## PROBLEM DESCRIPTION
Your copy should match the records exactly, apart from the pictures, which stay out.

## GIVEN DATA
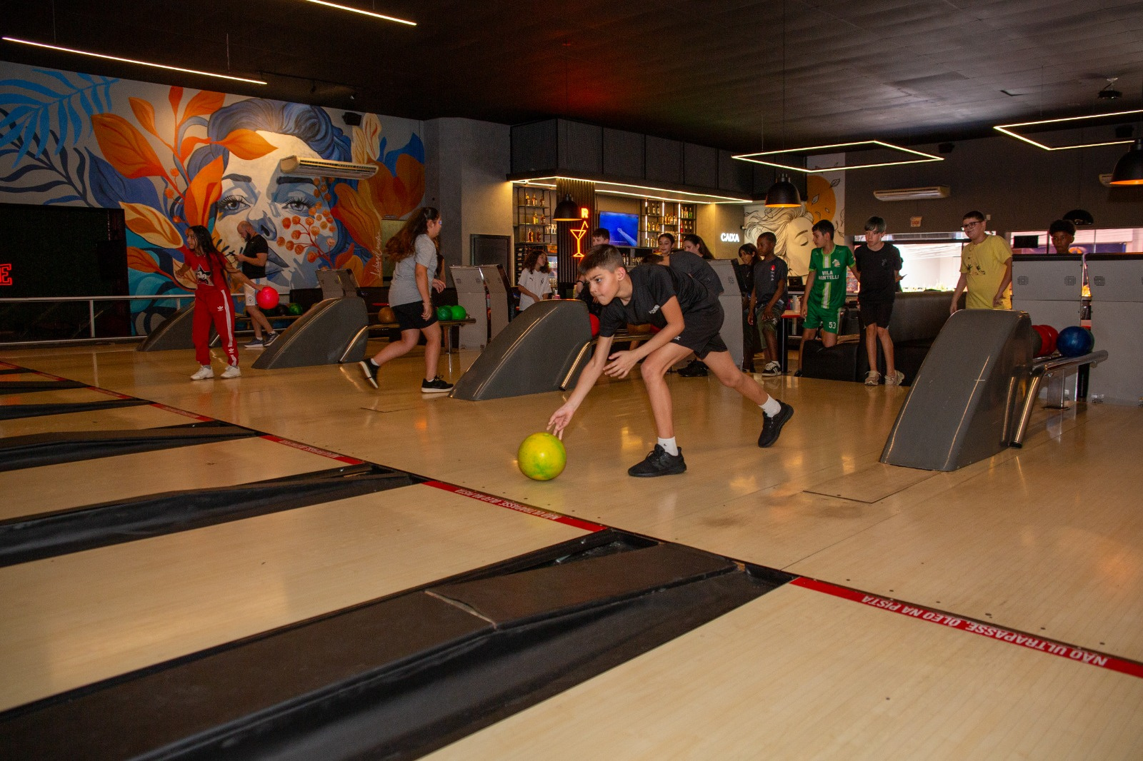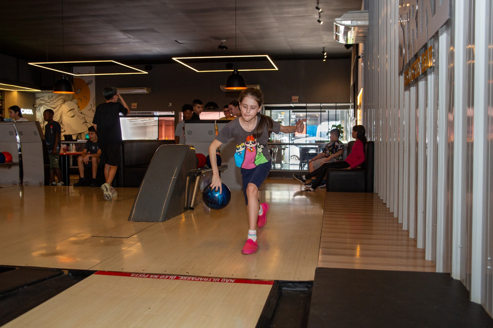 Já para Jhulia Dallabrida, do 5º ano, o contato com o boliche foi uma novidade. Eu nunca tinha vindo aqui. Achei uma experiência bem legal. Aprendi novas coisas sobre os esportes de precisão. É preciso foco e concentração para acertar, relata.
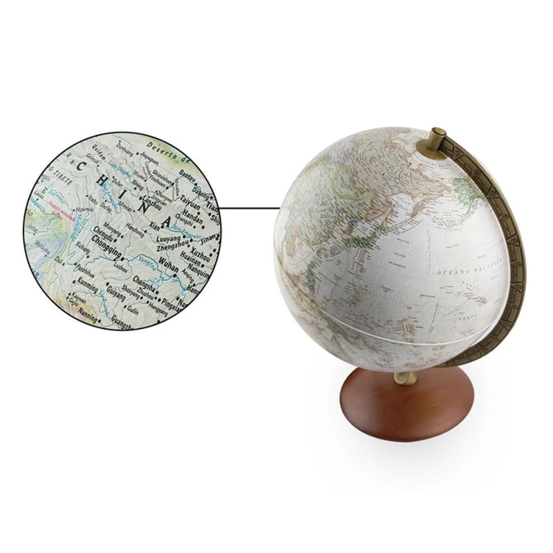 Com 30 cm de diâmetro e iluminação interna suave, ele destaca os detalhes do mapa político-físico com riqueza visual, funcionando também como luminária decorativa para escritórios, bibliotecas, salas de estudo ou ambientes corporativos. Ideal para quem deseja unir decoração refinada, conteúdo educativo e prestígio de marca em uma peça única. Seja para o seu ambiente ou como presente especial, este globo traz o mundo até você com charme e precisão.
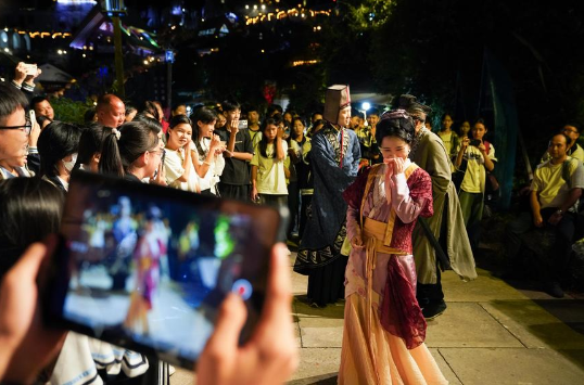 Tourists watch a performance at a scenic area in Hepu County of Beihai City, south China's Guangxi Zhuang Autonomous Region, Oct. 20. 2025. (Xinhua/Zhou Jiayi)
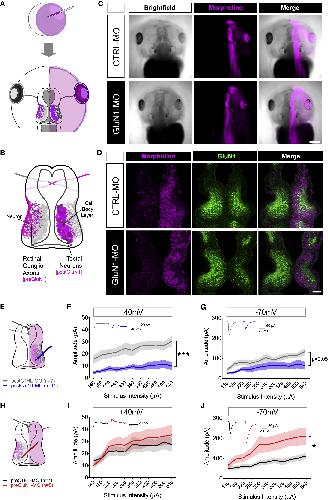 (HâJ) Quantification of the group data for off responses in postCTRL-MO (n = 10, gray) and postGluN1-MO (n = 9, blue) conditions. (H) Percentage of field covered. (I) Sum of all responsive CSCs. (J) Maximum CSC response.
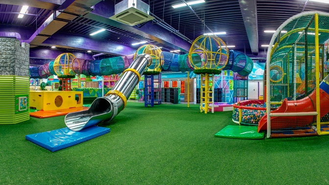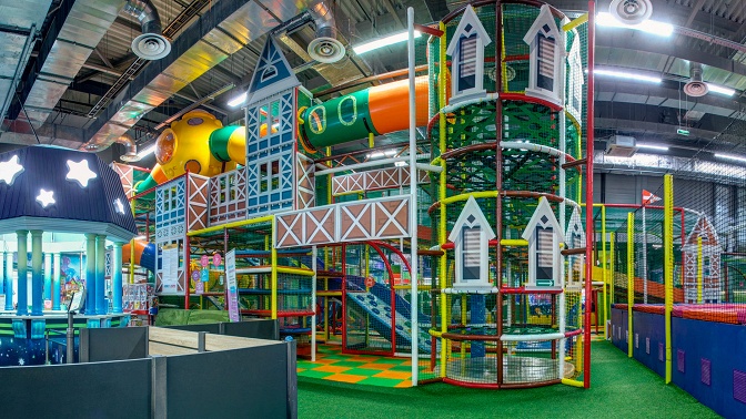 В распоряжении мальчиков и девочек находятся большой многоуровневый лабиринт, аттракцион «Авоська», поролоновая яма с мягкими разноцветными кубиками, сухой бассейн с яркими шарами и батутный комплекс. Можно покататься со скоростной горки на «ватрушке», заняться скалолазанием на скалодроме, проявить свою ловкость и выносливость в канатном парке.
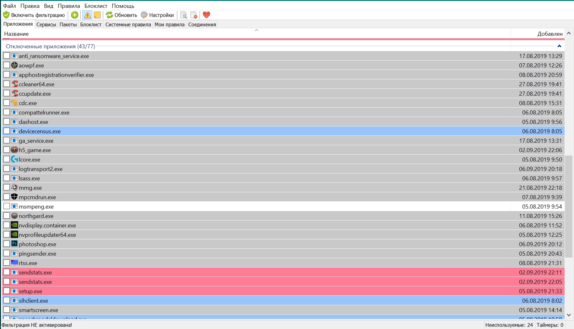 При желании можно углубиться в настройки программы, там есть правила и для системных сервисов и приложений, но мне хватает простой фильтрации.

## FINISHED TASK
 Já para Jhulia Dallabrida, do 5º ano, o contato com o boliche foi uma novidade. Eu nunca tinha vindo aqui. Achei uma experiência bem legal. Aprendi novas coisas sobre os esportes de precisão. É preciso foco e concentração para acertar, relata.
 Com 30 cm de diâmetro e iluminação interna suave, ele destaca os detalhes do mapa político-físico com riqueza visual, funcionando também como luminária decorativa para escritórios, bibliotecas, salas de estudo ou ambientes corporativos. Ideal para quem deseja unir decoração refinada, conteúdo educativo e prestígio de marca em uma peça única. Seja para o seu ambiente ou como presente especial, este globo traz o mundo até você com charme e precisão.
 Tourists watch a performance at a scenic area in Hepu County of Beihai City, south China's Guangxi Zhuang Autonomous Region, Oct. 20. 2025. (Xinhua/Zhou Jiayi)
 (HâJ) Quantification of the group data for off responses in postCTRL-MO (n = 10, gray) and postGluN1-MO (n = 9, blue) conditions. (H) Percentage of field covered. (I) Sum of all responsive CSCs. (J) Maximum CSC response.
 В распоряжении мальчиков и девочек находятся большой многоуровневый лабиринт, аттракцион «Авоська», поролоновая яма с мягкими разноцветными кубиками, сухой бассейн с яркими шарами и батутный комплекс. Можно покататься со скоростной горки на «ватрушке», заняться скалолазанием на скалодроме, проявить свою ловкость и выносливость в канатном парке.
 При желании можно углубиться в настройки программы, там есть правила и для системных сервисов и приложений, но мне хватает простой фильтрации.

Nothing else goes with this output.